The second part of the definition introduces another key concept: pain can be associated with actual or potential tissue damage.
When we talk about actual damage, there is little doubt. A sprain, a fracture, or trapping your finger in a door are clear examples. The injury exists, and pain accompanies that tissue damage.
Potential damage is different. There is no injury yet, but the body interprets that one could occur if no action is taken. Common examples include maintaining poor posture for prolonged periods—the body is signaling that you should move. Other examples include overexertion or touching something very hot: you may not be burned yet, but pain appears as a protective mechanism.

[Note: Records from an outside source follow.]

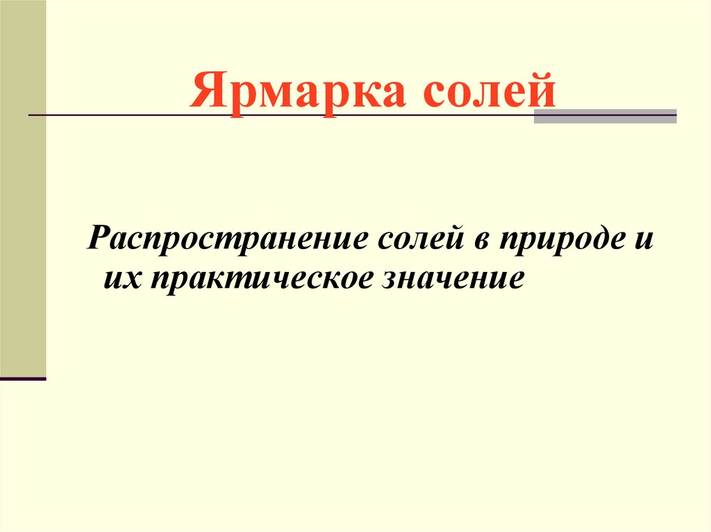 Ярмарка солей. Распространение солей в природе и их практическое значение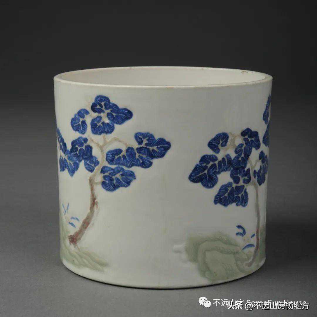上海博物馆康熙官窑青花釉里红人物笔筒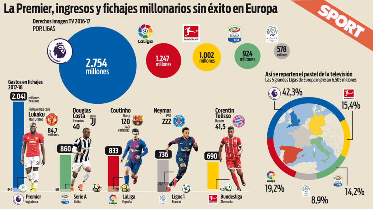 La Premier League es la competición de clubes más reconocida del mundo, la mejor pagada y la que suele dominar el mercado de fichajes. El PSG (Neymar) y el Barça (Coutinho, Dembélé) tomaron el relevo al Real Madrid (Cristiano, Bale) en los traspasos más caros, pero son los clubes ingleses los que dominan el mercado de fichajes, año tras año, en volumen global. Sin embargo, ese poderío económico no se traduce en dominio deportivo.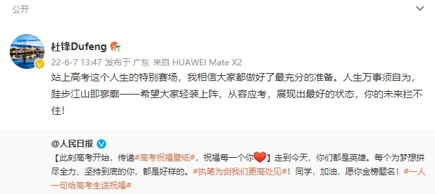 杜锋写道:“站上高考这个人生的特别赛场,我相信大家都做好了最充分的准备。人生万事须自为,跬步江山即寥廓——希望大家轻装上阵,从容应考,展现出最好的状态,你的未来拦不住!”

In these cases, pain does not indicate that something is already damaged, but that the nervous system is trying to prevent damage from occurring.
Key takeaways
- Pain does not begin in the muscle or the joint.
- Pain begins in the brain.
- It is a complex, multifactorial experience influenced by physical, emotional, and contextual factors.
- Pain can exist without tissue injury, and tissue injury can exist without pain.
Understanding this does not minimize or invalidate anyone’s pain. On the contrary, understanding the nature of pain allows us to address it with a broader, more realistic, and more effective approach.
As Margo McCaffery famously stated: “Pain is whatever the experiencing person says it is, existing whenever the person says it does.”